Following the violence in Ballymena this June, where alleged sexual assault charges against two Romanian teenagers sparked the use of petrol bombs, fireworks and bricks to attack immigrants and police, this reveals a grim pattern: crime committed by immigrants is weaponised to justify targeting all immigrants. Similarly, the vilification of an entire minority after the 2024 Southport tragedy, in which three girls were murdered by a Rwandan teenager, reflects a troubling double standard; when crime is committed by one group, it is viewed as an isolated incident; when committed by another it becomes a defining characteristic. By targeting law enforcement and institutions protecting immigrants, a dangerous message emerges — that justice now only applies to ‘locals.’
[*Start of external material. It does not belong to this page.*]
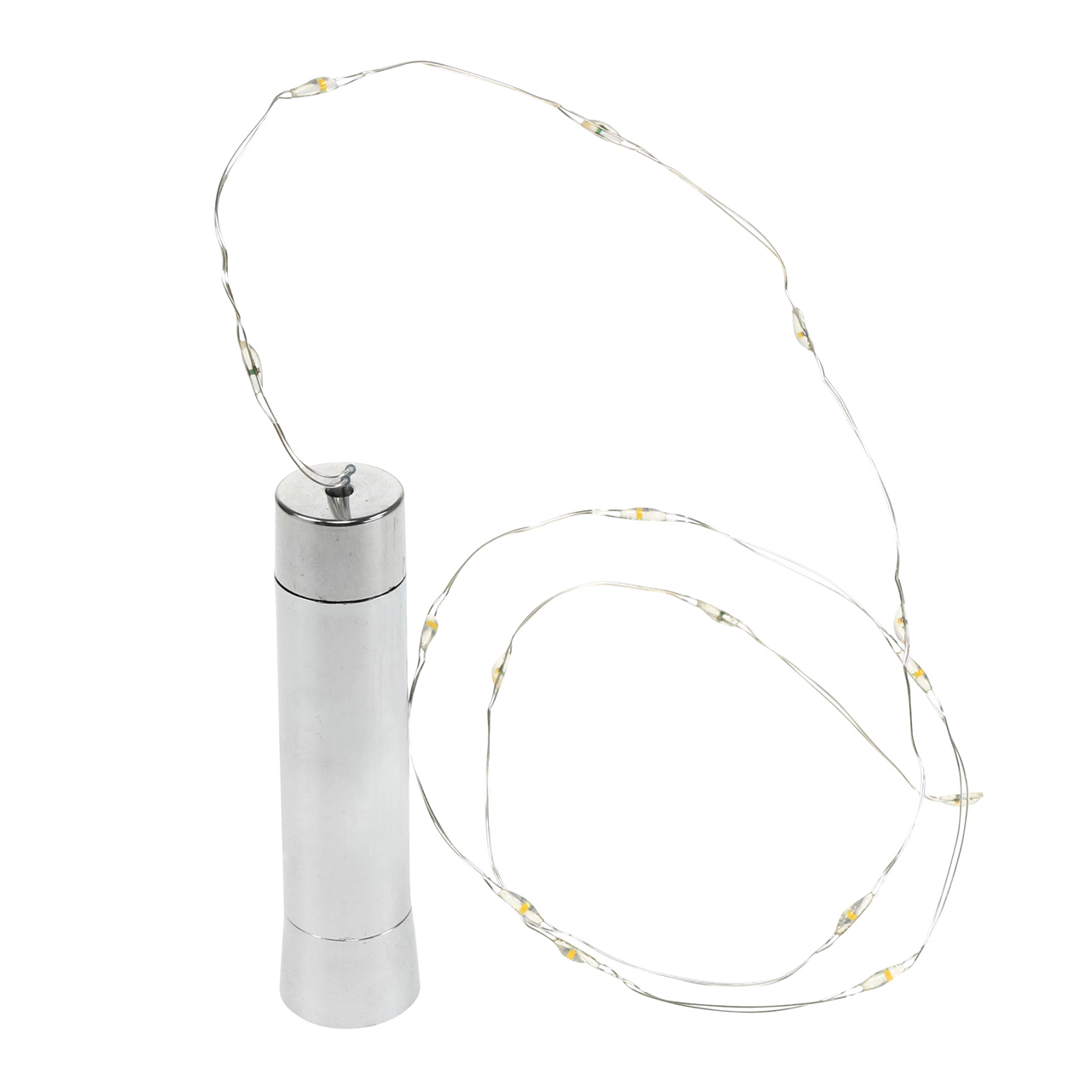 The LED bottle light in warm white has a total length of approximately 82 centimeters with the cap. A total of 15 small LEDs sit on the approximately 73 centimeter long chain of lights. The silver cap has a diameter of about 2 centimeters at the top and tapers slightly towards the bottom so that it fits into the neck of a wine bottle, for example. You also need an AA battery for the bottle lights.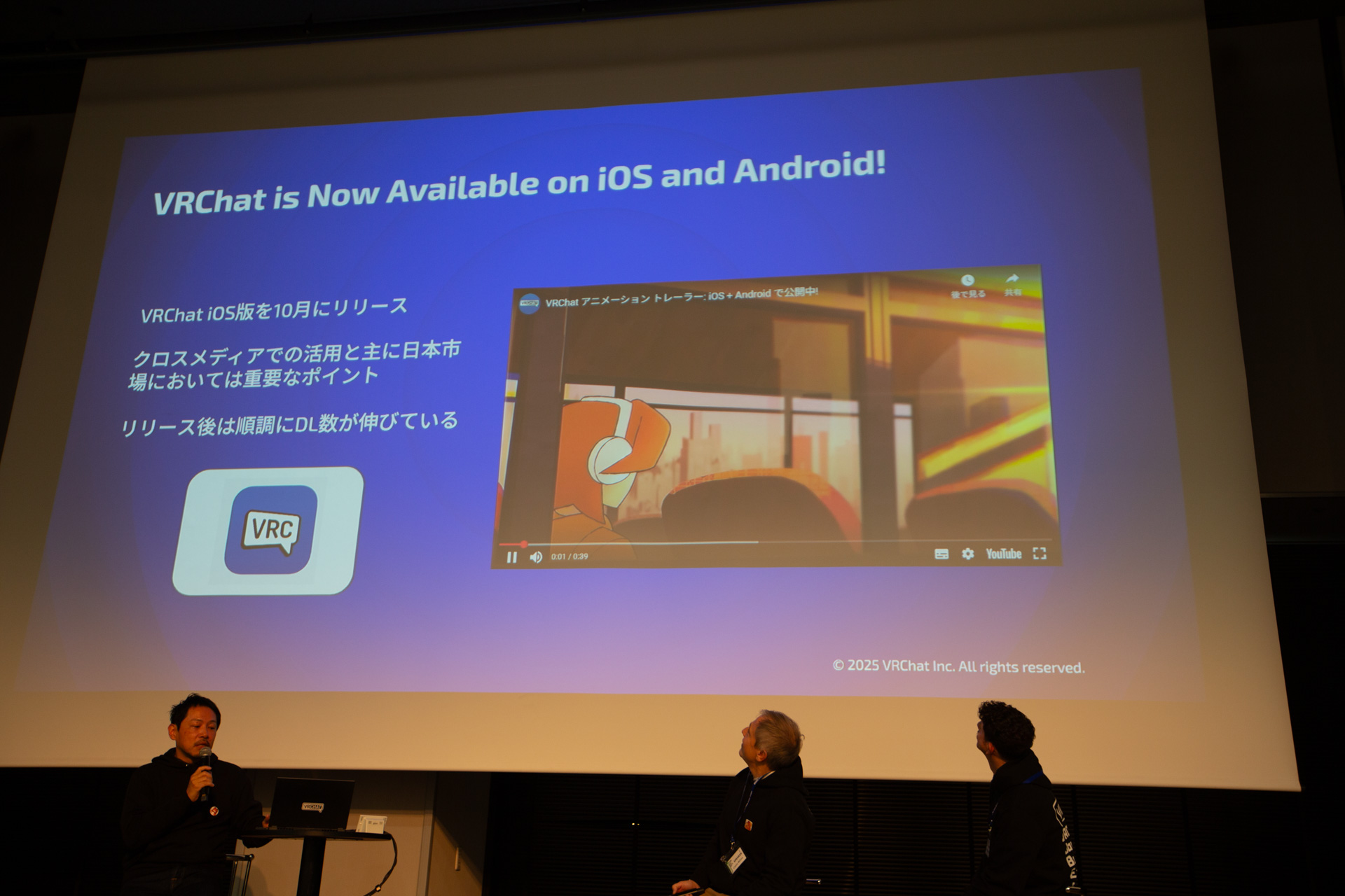 続いて、今年10月にリリースされたiOS版についても触れられた。改めて語られたのは、リリースの目的がクロスメディア活用と日本市場へのリーチであること。ちなみに、基調講演後の囲み取材では、iOS版リリース後2週間は、VRChat新規ユーザーの60%が日本ユーザーになったらしく、「日本市場へのリーチ」は早くも目的を達成したことがうかがえた。

The effects of these attitudes have seeped their way into even the most seemingly harmless traditions, such as Halloween. A night that promises anonymity and self-expression has instead become a mirror of societal prejudice, allowing racist undertones to surface with little consequence. After a year marked by violence and division, it is unsurprising that some feel emboldened to embody cultural caricatures. The past year has provided a comfort blanket for performing stereotypes under the guise of fun, a form of senseless hatred masquerading as humour. Without institutional and cultural accountability, the line between satire and discrimination continues to blur, eroding the very ideals of inclusivity and respect that society claims to uphold.
References
[1] Ramdeholl, Rebecca, “The Social Significance of Halloween”, The Average Scientist, October 19, 2023.
https://theaveragescientist.co.uk/2023/10/19/the-social-significance-of-halloween/
[2] Zhang, Shanshan, “Trick for a treat: The effect of costume, identity, and peers on norm violation”, Journal of Economic Behaviour & Organization, Volume 179 (November 2020), pages 460–474.
https://www.sciencedirect.com/science/article/pii/S016726812030336X
[3] Amnesty International, “Northern Ireland: ‘A year of hate and fear’ – racist crimes hit record high”, Amnesty International, August 28, 2025.